CIUDAD JUAREZ: As US President Joe Biden took the oath of office last Wednesday, Felipe Ortega sat in a van handcuffed and chained at the waist and feet, headed toward Mexico and the end of his 30-year life in the United States.
A day earlier, the 58-year-old grandfather of eight US citizens was on his way to work when immigration agents surrounded his car in Midland, Texas, just blocks from his home. They told Ortega he had an outstanding deportation order from 15 years ago.
After one sleepless night in jail and a long ride to the border, Ortega, a Mexican national, was sent across the international bridge at El Paso in Texas around 6:30 p.m. on Wednesday.
Ortega missed by some 24 hours a dramatic policy change by the new president that could have spared him.
In one of his first acts of office, Biden rescinded an executive order by former President Donald Trump that had targeted more immigrants living in the country illegally for arrest and deportation, including those with no criminal records like Ortega.
The abrupt about-face on policy shows how, without a long-term fix from Congress, the fate of millions of immigrants can change dramatically with the flick of a presidential pen.
Those actions can also face swift challenges in federal court, throwing more lives in limbo as legal battles drag on.
This risk was apparent on Tuesday, when a federal judge in Texas blocked a 100-day moratorium on deportations issued by the Biden administration.
Immigration and Customs Enforcement (ICE) deported more than 185,000 people in the 2020 fiscal year, not including those quickly expelled at the border under a rule Trump put in place during the coronavirus pandemic.
Biden has pledged ICE officers in his administration will use more discretion. On his first day in office he proposed an immigration reform bill to Congress, that if passed would provide a pathway to citizenship for an estimated 11 million people living in the country illegally.
“SHOCKING”
On Tuesday Jan. 19, Ortega asked border agents before he was sent across the border if there was anything else he could do to continue fighting his case, but he says he was told no.

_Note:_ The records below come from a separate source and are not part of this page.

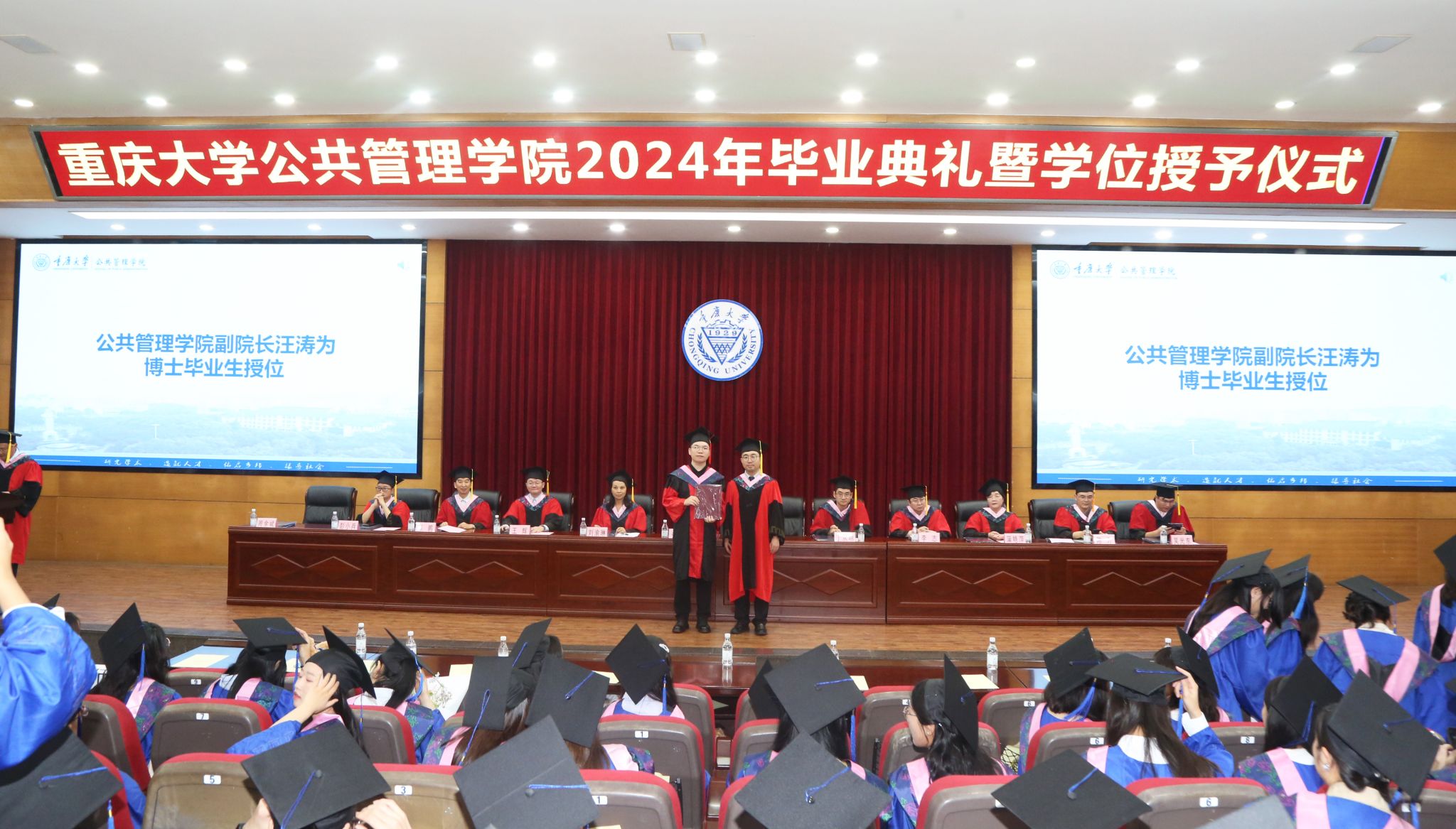 在授予学位环节,全体毕业生依次上台接受授位。这一刻,他们的脸上洋溢着自豪和喜悦的笑容,也充满了对未来的憧憬和期待。学院领导、导师代表为毕业生们拨穗正冠,毕业生们鞠躬致谢,合影留念,共同记录下这一难忘的时刻。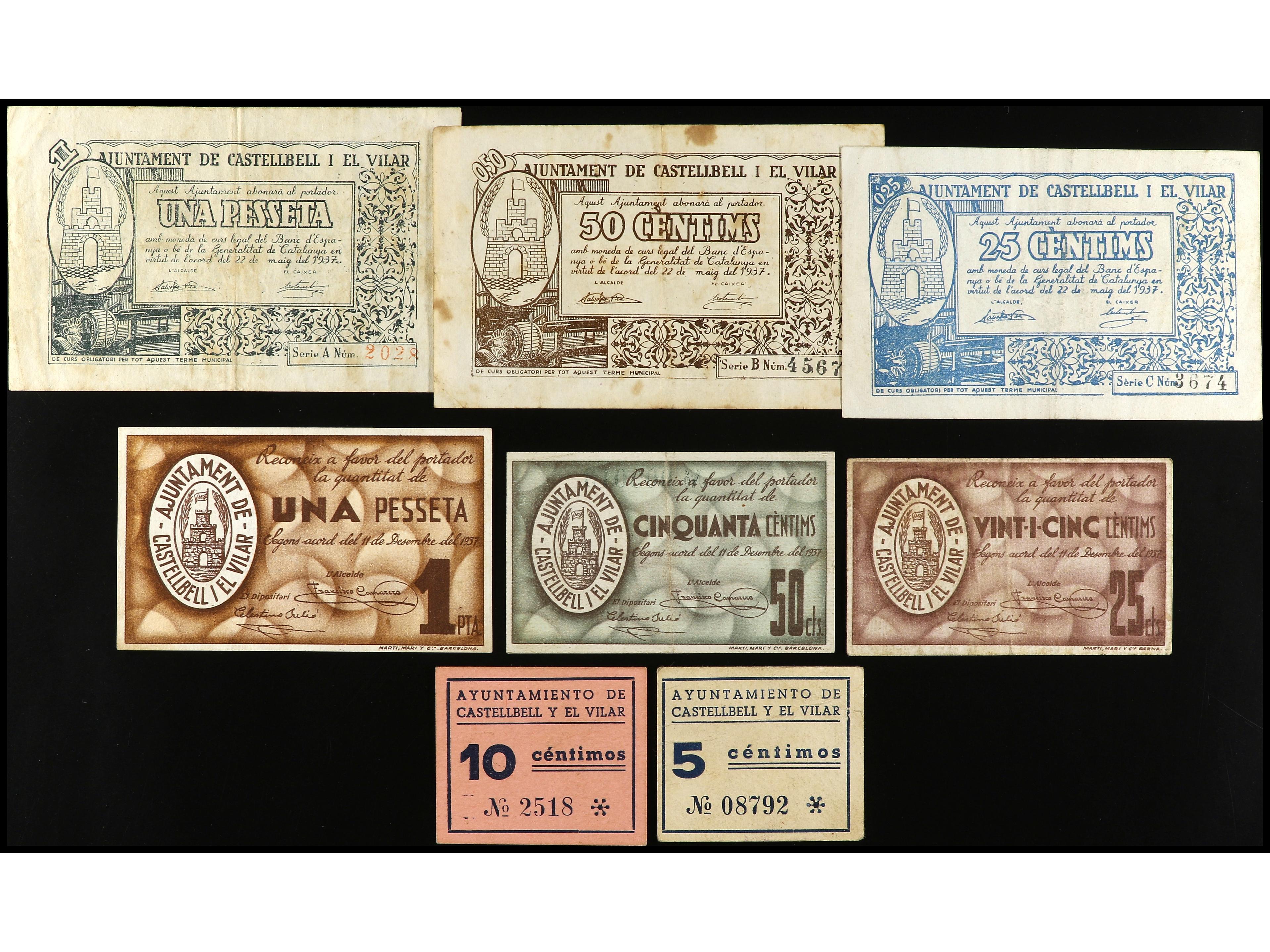 Lote 8 billetes 5 Cèntims a 1 Pesseta. Aj. de CASTELLBELL i EL VILAR. Todos diferentes. MBC- a EBC. (Image1)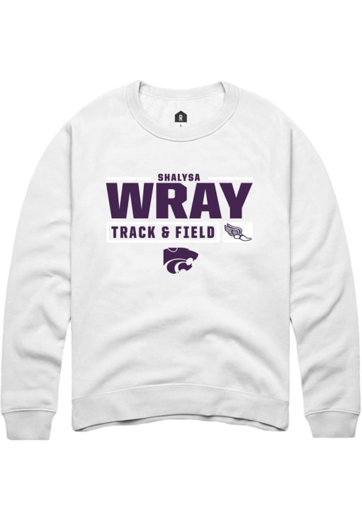 Shalysa Wray Rally Mens White K-State Wildcats NIL Stacked Box Crew Sweatshirt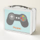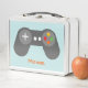 Cette boîte à lunch amusante présente une illustration vectorielle cool d'un contrôleur de jeu vidéo et peut être personnalisée avec le nom de votre enfant, monogramme, initial ou tout texte de votre choix pour un cadeau personnalisé parfait.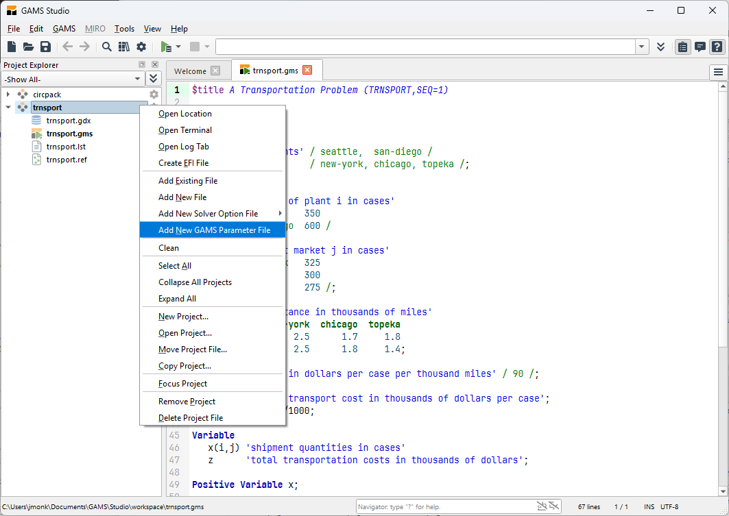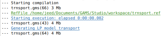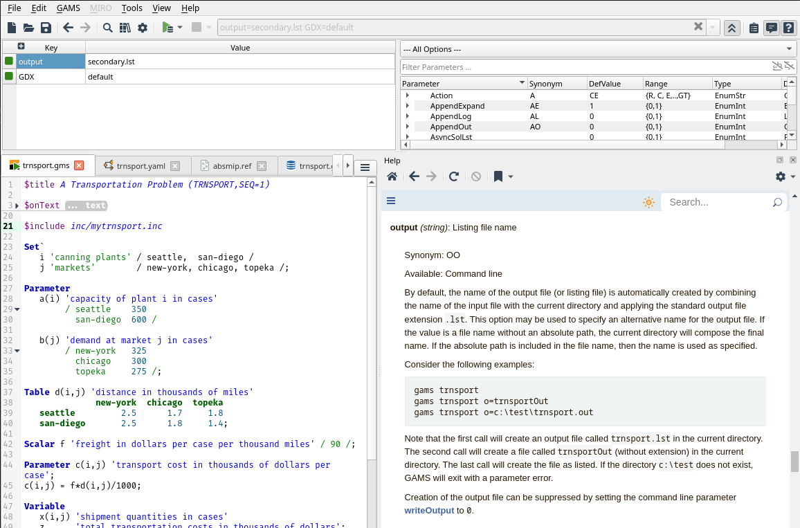 In the GAMSIDE, you always started by creating a "Project," which was essentially a pointer to the file system that defined a single working directory (i.e., it implicitly defined the workDir when starting GAMS). This directory was used to execute all the models added to the project, regardless of where the model files themselves were located. For example, if your project was in directory a, and you added models a/a.gms and b/b.gms, both files would be executed with a as the working directory. This meant all input data was expected in a (or relative to it), and all output files were also generated in a, not necessarily in the file's original location (like b).

“I think that what they wanted was to kick me out before Biden signed what he signed,” Ortega told Reuters in a series of phone interviews after his deportation. ICE did not respond to a request for comment on Ortega’s case.
His wife, Maria Ortega, a U.S. permanent resident, and three adult daughters, one a U.S. citizen and the other two permanent residents, drove four hours to cross into Ciudad Juarez and meet him on the other side. The family embraced, weeping.
Ortega said his family never planned to stay long in the United States when they crossed
in the 1990s. They entered on a 15-day visa intending to help his brother who was caring for a child with cancer. But the treatment dragged on for months and the Ortegas’ young girls started going to school. Life took over.
After working a few years as a ranch hand, Ortega moved into construction, eventually going into business for himself remodeling homes.
“My dad is his house, his work, his family and that’s it,” said his middle daughter Adriana, 35, who has a special ringtone programmed in her cell phone for her father’s frequent calls. “That’s why it is all kind of shocking.”
In 2006, Ortega was moving house from Sherman, Texas, to Midland when his truck broke down at a gas station. A local sheriff stopped to see if he needed help but then asked for his residency papers. When Ortega admitted he didn’t have any, he was arrested and sent to immigration court.
He lost his case and appealed, though he said he never knew the outcome until deportation officers handed him a three-page document with the 2007 denial last week because the paperwork didn’t arrive at his house after he moved, he said.
The document, seen by Reuters, said the judge believed he had not sufficiently proven his relationship to his U.S. citizen daughter and that his deportation would not cause his family enough “extreme and unusual” hardship to have his removal canceled.
A SCARRED HOMETOWN
Ortega returned to Mexico for the first time in 30 years to find his hometown of El Porvenir, around an hour south of Ciudad Juarez, totally transformed. When he and Maria started dating at 15, they would eat ice cream in the plaza and go to dances, strolling the streets late into the night, Maria said.
Now on a drive around the town a couple days after he arrived, he saw burned and abandoned buildings and few people outside, the legacy of years of violent clashes between rival drug cartels.
Staying with his brother-in-law – Ortega’s only remaining relative in the city – he is trying to make himself useful around the house by fixing up the aging electrical system and other odd jobs. But he had not been prepared to live out his retirement years in a different country than his family.
Maria, who has diabetes and other health problems, has to stay close to her U.S. doctors and can’t drive on her own. Adriana, a single mom, is thinking of picking up another job to help support her two aging parents on both sides of the border.
“Everything is different, I am scared to be in my hometown,” said Ortega. “I don’t know where to begin.”
Barring changes to immigration laws under Biden, there is currently no clear path for him to return.